Below this line are records; transcribe exactly the lines between the one holding "油菜花綻放的金嶺礦山傳奇景區(qū)。李樂攝" and the one holding "παγκόσμια αύξηση της", inclusive, and omit the pictures.

(DATA SECTION Opens)

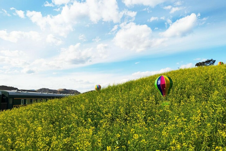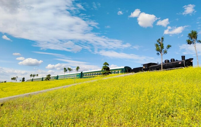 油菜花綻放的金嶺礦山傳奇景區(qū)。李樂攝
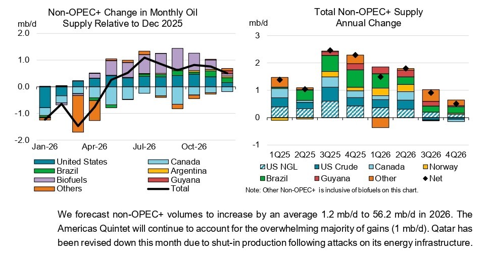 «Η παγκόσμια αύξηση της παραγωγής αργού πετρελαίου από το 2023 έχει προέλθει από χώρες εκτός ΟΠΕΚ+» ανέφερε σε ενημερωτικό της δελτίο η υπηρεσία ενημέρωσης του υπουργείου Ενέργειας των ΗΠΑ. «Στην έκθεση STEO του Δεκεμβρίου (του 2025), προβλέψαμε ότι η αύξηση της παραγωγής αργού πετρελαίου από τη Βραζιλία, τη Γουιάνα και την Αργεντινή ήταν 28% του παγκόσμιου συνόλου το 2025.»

(DATA SECTION Closes)
(DATA SECTION Opens)

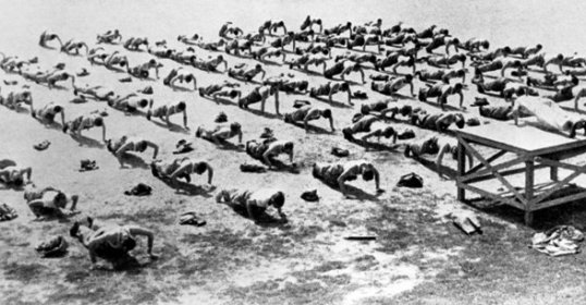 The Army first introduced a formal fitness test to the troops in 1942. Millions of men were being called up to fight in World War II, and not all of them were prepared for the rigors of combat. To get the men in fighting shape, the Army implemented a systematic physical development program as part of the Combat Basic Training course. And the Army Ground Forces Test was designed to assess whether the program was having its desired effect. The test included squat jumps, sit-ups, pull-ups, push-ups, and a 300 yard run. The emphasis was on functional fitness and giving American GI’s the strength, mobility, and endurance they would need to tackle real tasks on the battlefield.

(DATA SECTION Closes)

— EXERCISE RESULT —
 油菜花綻放的金嶺礦山傳奇景區(qū)。李樂攝
 «Η παγκόσμια αύξηση της παραγωγής αργού πετρελαίου από το 2023 έχει προέλθει από χώρες εκτός ΟΠΕΚ+» ανέφερε σε ενημερωτικό της δελτίο η υπηρεσία ενημέρωσης του υπουργείου Ενέργειας των ΗΠΑ. «Στην έκθεση STEO του Δεκεμβρίου (του 2025), προβλέψαμε ότι η αύξηση της παραγωγής αργού πετρελαίου από τη Βραζιλία, τη Γουιάνα και την Αργεντινή ήταν 28% του παγκόσμιου συνόλου το 2025.»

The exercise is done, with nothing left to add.